But what draws so many viewers to gawk at the misfortunes of this South Side Chicago family each week is more than morbid curiosity. “Shameless” shines a spotlight not just on the bad behavior of a struggling lower-class family; it also highlights the very real healthcare challenges being faced by millions of Americans every day.

When despicable Gallagher family patriarch Frank receives a veritable death sentence after years of liver abuse thanks to a lifetime of alcoholism the unemployed, uninsured wayward father is desperate for a liver transplant. Not surprisingly, Frank discovers that it’s going to take over $100,000 and a willing, compatible donor to even get his name on a waiting list that could keep his selfish heart beating. Faced with imminent death and the realities of no insurance, Frank does the only thing he can; he asks his son to break his leg so he can sue for damages to cover the cost of his much-needed liver transplant.
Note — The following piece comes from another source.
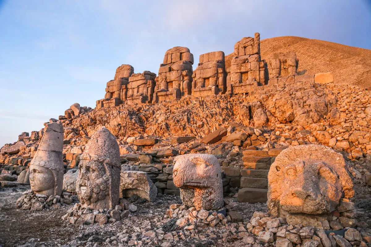 | "مونت نمروت": يبلغ ارتفاع هذا الجبل 2.134 مترًا في جنوب شرق تركيا، بالقرب من مدينة "أديامان". في سنة 62 قبل الميلاد، بنى الملك أنطيوخوس ثيوس من كوماجيني، مقبرة محاطة بتماثيل ضخمة لنفسه، فضلًا عن أسدين على قمَّة الجبل، التي توفِّر إطلالة رائعة على الجبال المحيطة. عامل الجذب الرئيس هو مشاهدة شروق الشمس.

Such measures may seem extreme, but when faced with the grim specter of death who’s to say what is going too far? What “Shameless” does is give a face (albeit a fictional face) to a very real issue that literally could be the difference between life and death for millions of Americans. And, even though there has been an ongoing battle in the healthcare arena for several years, we still don’t seem to be getting it right as a country.
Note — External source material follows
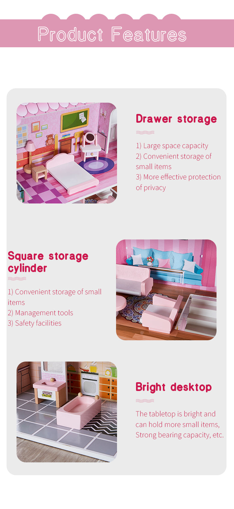 Your little one can explore, create, and imagine to their delight as they give the included miniatures furniture a place to live within this charming dollhouse. Invite friends over for a fun, imaginative playset up session or spend quality time creating scenes with mom or dad – the possibilities are endless! Whether spending quiet time alone or sharing giggles with family and friends, there’s something special about playing make believe in such a cozy home. Your daughter will be delighted when she opens this special gift from you!

While it might be fine to sit back on your sofa every Sunday evening and empathize with (and vicariously enjoy) the struggles  the Gallagher family is facing, it often doesn’t really hit home until it’s your family being denied care or it’s your second opinion doctor visit that gets denied any coverage because the condition is considered pre-existing. The heightened reality of “Shameless” puts these everyday healthcare concerns in the forefront, as nearly every viewer is reminded of either their own experience or a story relayed by a friend that helps them walk a mile in a Gallaghers’ shoes.

The saving grace of the show is that it is just that – a show. We know that the challenges faced by the Gallaghers are exaggerated and, ultimately, put forth for our amusement. The brilliance of “Shameless” is its ability to tell such sordid tales, painted in poverty and debauchery, that simultaneously make the viewer acutely aware of the societal injustice at play and the ridiculous hilarity of the outlandish and often unredeemable predicaments the against-all-odds Gallaghers get themselves into.
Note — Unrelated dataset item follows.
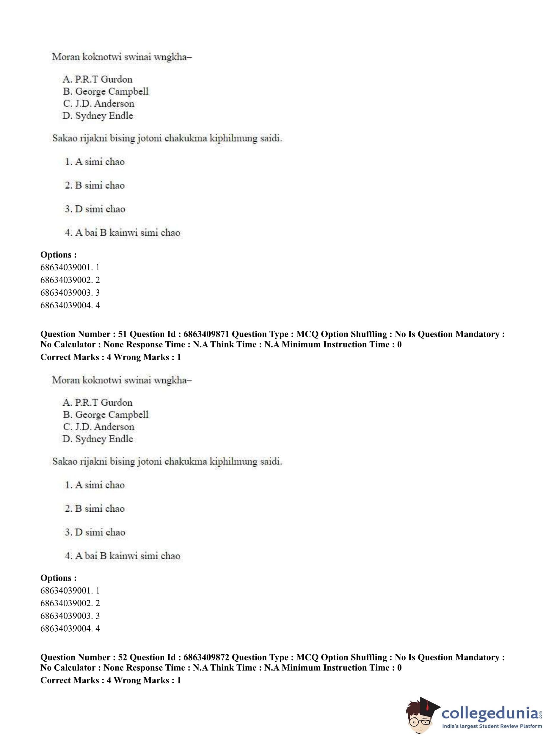 CUET PG 2023 Kokborok Question Paper with Answer Key PDF in Hindi is available for download here. The exam was conducted by National Testing Agency (NTA) on June 7, 2023 in Shift 2. The question paper comprised a total of 100 questions divided into 2 sections.

You can’t help but cheer on the antics of this every-man family who magnifies both the worst and the best in all of us at the very basest human level. And it’s so easy to find yourself laughing at situations that simply should not be found funny. That is the genius of “Shameless.” When big sister Fiona finally lands a regular nine-to-five gig, with all the bells and whistles including health insurance, it is a riot to watch the Gallagher children being subjected to the joys of immunizations and regular physicals – things which so many average Americans take entirely for granted.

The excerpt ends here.